In ‘imaginary holy friend’, the robust somehow distils itself into an evocation of lyric, socially sanctioned violence. Here, the gendered de-formations of ‘people playing god’ merge into a joint reflection of the abused body and nature, with the short lines being particularly effec-tive:

god frolicking people
elongated neck binding
people playing god
moon-blade foot binding
slippers stumped by lotus ponds
punctured meat of the bony flute
meshes pain
filtered cries
hair side-parted
slope of decisiveness
gossamer crease hidden in plain terrain
mountain
goiter of the soil
lake
urethra of the deep
volcano
mouth of the inflamed
smoke
lung of the unsung

a favourite blacksmith of mortal parts
to play Operation with in the bedridden darkness

The poem ‘inside an armoured chrysalis’ pursues the vision of metaphysical clash in its expressionistic and apocalyptic tableau of war:

the cloak of war rips open like a caterpillar’s final grip on innocence
seas of poppies barrage from rising towers

Its imagery is strong and confrontational, for instance: ‘stench of fresh fir’, ‘molecules of gassed up bodies’ and ‘thinning polyskies of barebones and sulking skulls’. The delicacy (and the shorter line) seen in ‘imaginary holy friend’ effectively returns in the final two lines, playing out the metamorphic import of ‘chrysalis and caterpillar’:

the rest of us frantically disperse
in search of a butterfly that can cry

The section, ‘December’, continues with an enthralling juxtaposition of imagery from nature, the world of objects, and the body, all morphing into each other in unexpected combinations. ‘coiling forest’ presents a take on the Cinderella story, of ‘tales of a princess always needing rescues / of a prince.’ Vân portrays a set in motion, in which ‘a vanishing forest [is] coiling into itself’ and ‘doors are pushing upwardly silently within the forest like wild / mushrooms.’ The poet abruptly segues from this protean vision, into savage reflection:

Cinderella never made it
that last second of the forest’s final new year’s eve
when no one can own sadness
but merely takes care of it for the next victim in line

In a similar vein, ‘melancholia of caramel afternoons’ moves from the mythical to the contemporary with spectacular elision:

nirvana  
the night’s cologne caging in
missing hinges from its macho wings
on the wall of memory
Sabrina arrives through the urgent ringtone

The second section of the collection, ‘M’ is akin to work seen in Poems of Lưu Diệu Vân, Lưu Mêlan & Nhã Thuyên (Vagabond Press, 2013), extending Vân’s poetry both in theme and imagery, nailing the acerbic line. ‘to a younger poet self’ and ‘naïve writer’ respectively look back in sardonic reappraisal: of, firstly, an early love affair; and, secondly, of early flurries onto the literary circuit.

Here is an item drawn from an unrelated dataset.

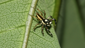 說明:圖為眼鏡黑條蠅虎雄蛛。雌蛛體長約5-6mm。背甲白色或乳白色,胸部背面具有明顯眼鏡狀斑紋,非常容易辨認。雄蛛體型略小,約4-6mm,背甲則為黑褐色,側緣與後緣具有白邊,腹部背面黃褐色,中央具有一條寬大的縱帶。雌雄蛛因體色差異大,常被誤認為不同種。分佈於低海拔地區,經常於枝葉間徘徊漫遊尋找獵物。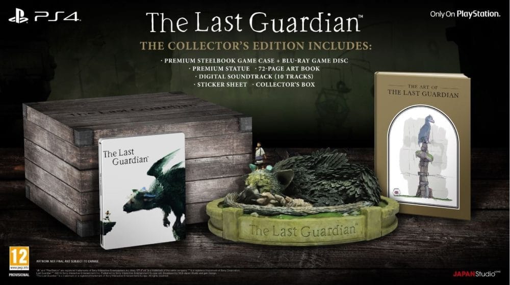 Cette édition collector de The Last Guardian contient en plus du jeu, une magnifique statuette, un steelbook, un artbook ainsi qu’un boitier collector pour mettre tout cela dedans ^^ Bien entendu le jeu est en version boite.

In ‘to a younger poet self’, the ‘Big Heartbreak’ is framed with literary reference:

all your twenty-two self-pities
a fatal infatuation for Rumi and e.e.cummings
insomnias yet of age
jolts of maiden pain
love smog tints grays of verses
laments vicariously postaged to Neruda

Its references morph into an effectively crafted take on writing and the body:

you shatter into creation
the feminist phoenix way
riding in the dark on the biro’s horn
rendering poisoned sensations savable
chastity’s optional to tame metaphors
you jump through a needle’s eye
avoiding the thread’s pull

‘naïve writer’ also sees the collection open itself up to some narrative savagery. In Vân’s view, literary PR appears as the selling of self, where ‘the writer’s skin must be as thick as their copious flows of / topless appearance on the fictional bed’, this ‘literary reception / bed, on which not a single space is deserted’, from which the speaker is suddenly excluded, ‘forever trapped outside’.